Bande à part Review

Bande à part
Bored with life and besotted with pop culture, English language students Arthur and Franz compete for the affections of Odile, a naive classmate who has tipped them off about a stash of cash at her aunt's suburban home.

by David Parkinson |
Published on
Release Date:

05 Aug 1964

Running Time:

95 minutes



Original Title:

Bande à part

The NFT launches its exhaustive retrospective of Jean-Luc Godard's ever-controversial, but never conventional, canon with this new print of his seventh feature. It's a curious choice, as its fame rests largely in prompting Tarantino to call his production company Band Apart. But this pastiche of the Hollywood crime thriller is as entertaining as it's inventive and, while not a patch on Francois Truffaut's Shoot The Piano Player, it is one of the most fascinating films of the late-New Wave.

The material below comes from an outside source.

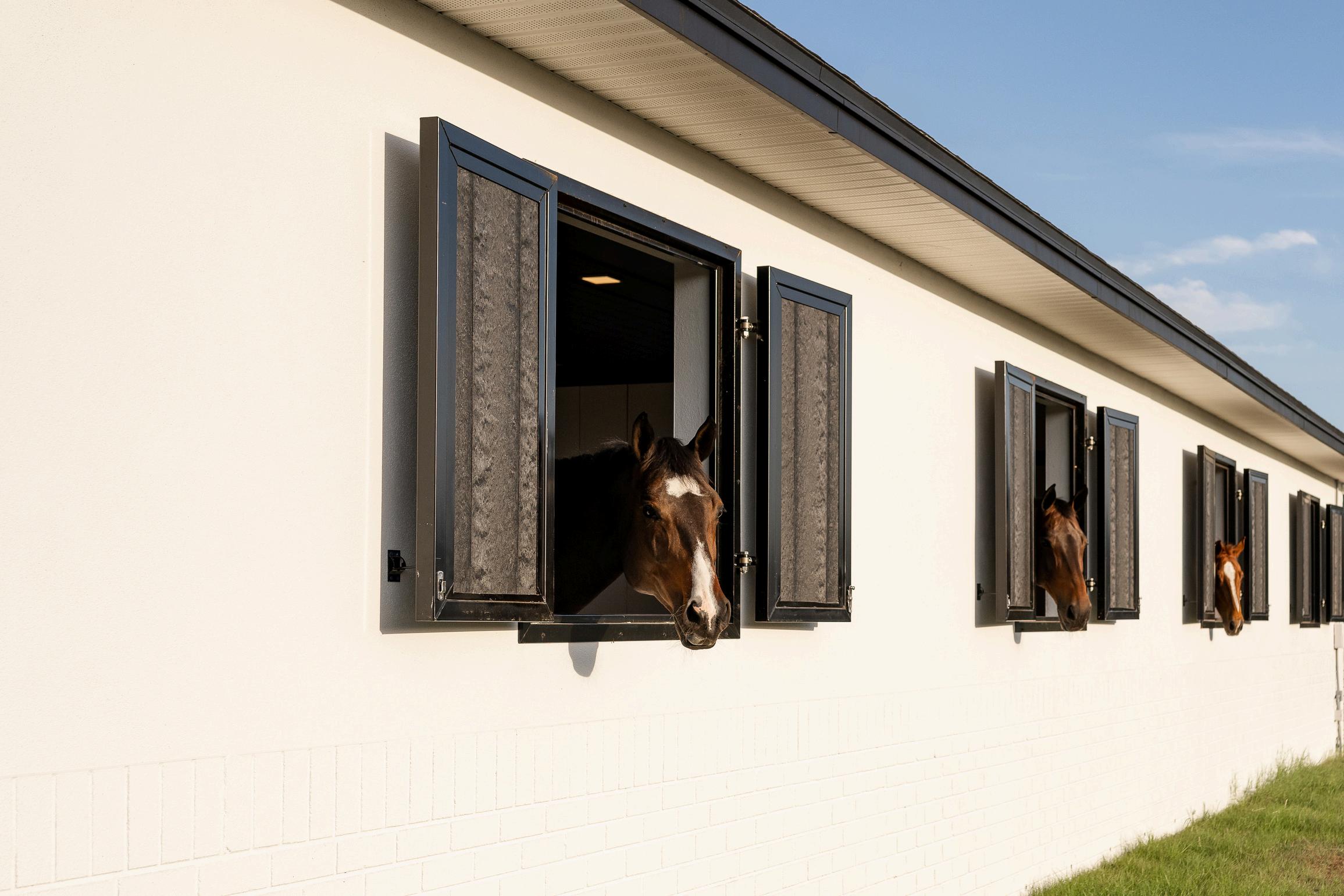 Inside, the well ventilated stable offers ample airflow for its equine residents. There are 20 box stalls in the barn, with 10 on each side The barn is divided in half, each set of stalls can function independently from one another, making feeding and tacking up a breeze
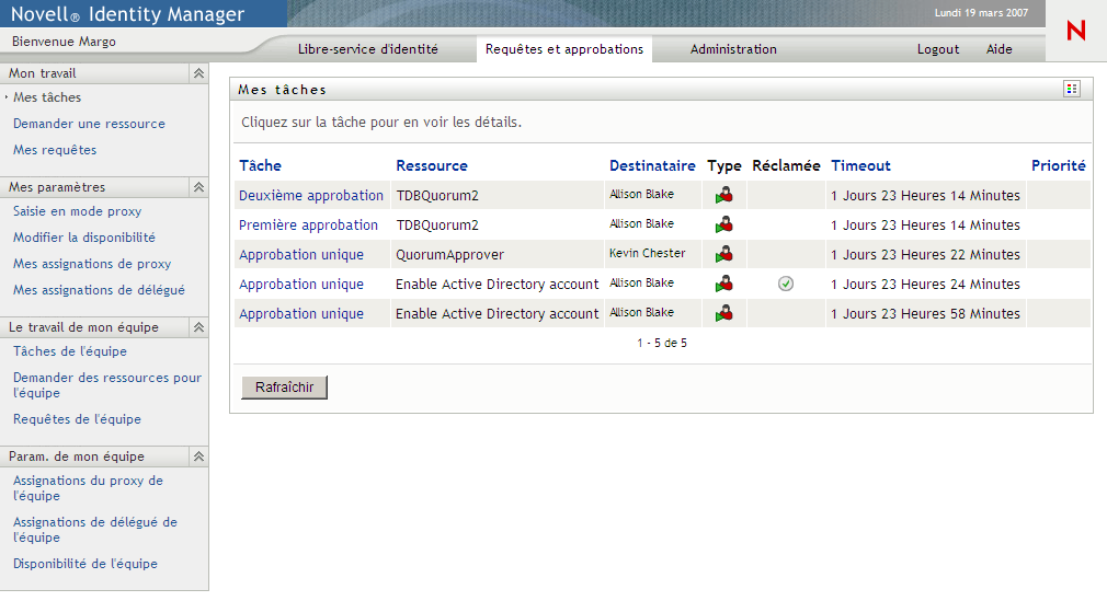Les opérations et ne s'affichent que si vous êtes un gestionnaire d'équipe.

Loosely based on Dolores and Bert Hitchens' pulp novel, Fool's Gold, this is far from a standard adaptation. Godard is more interested in such intangibles as youth, sexual attraction, boredom, the Americanisation of France and the unique atmosphere of Paris to bother with trivialities like narrative. But his main preoccupation is the untapped potential of cinema. All the stylistic gimmickry that characterised the Nouvelle Vague is present and correct. But rather than just extolling the virtues of film, he actively denounces its artistic cousins, which, while visually striking, lack cinema's energy and freedom. It's all about action and its presentation in a vibrant and original way.

Godard is so smitten with all things cinematic that he constantly draws your attention to them. In amidst the countless references to the Hollywood B movie, he toys with narrative conventions (inserting such asides as the cafe dance sequence), technology (removing background sound during the minute's silence), screen grammar (cutting according to the rhythms of Michel Legrand's score rather than the usual dramatic cues) and the proscenium illusion (using the film's noir voiceover to announce details of a colour "[Cinema]scope sequel"). Ultimately, this is Godard-lite. But it still contains more ideas than most directors can summon in a lifetime.

Less audacious than A Bout de Souffle, this is, however, one of Godard's most accessible pictures. A good place to learn how much of a debt modern cinema owes him.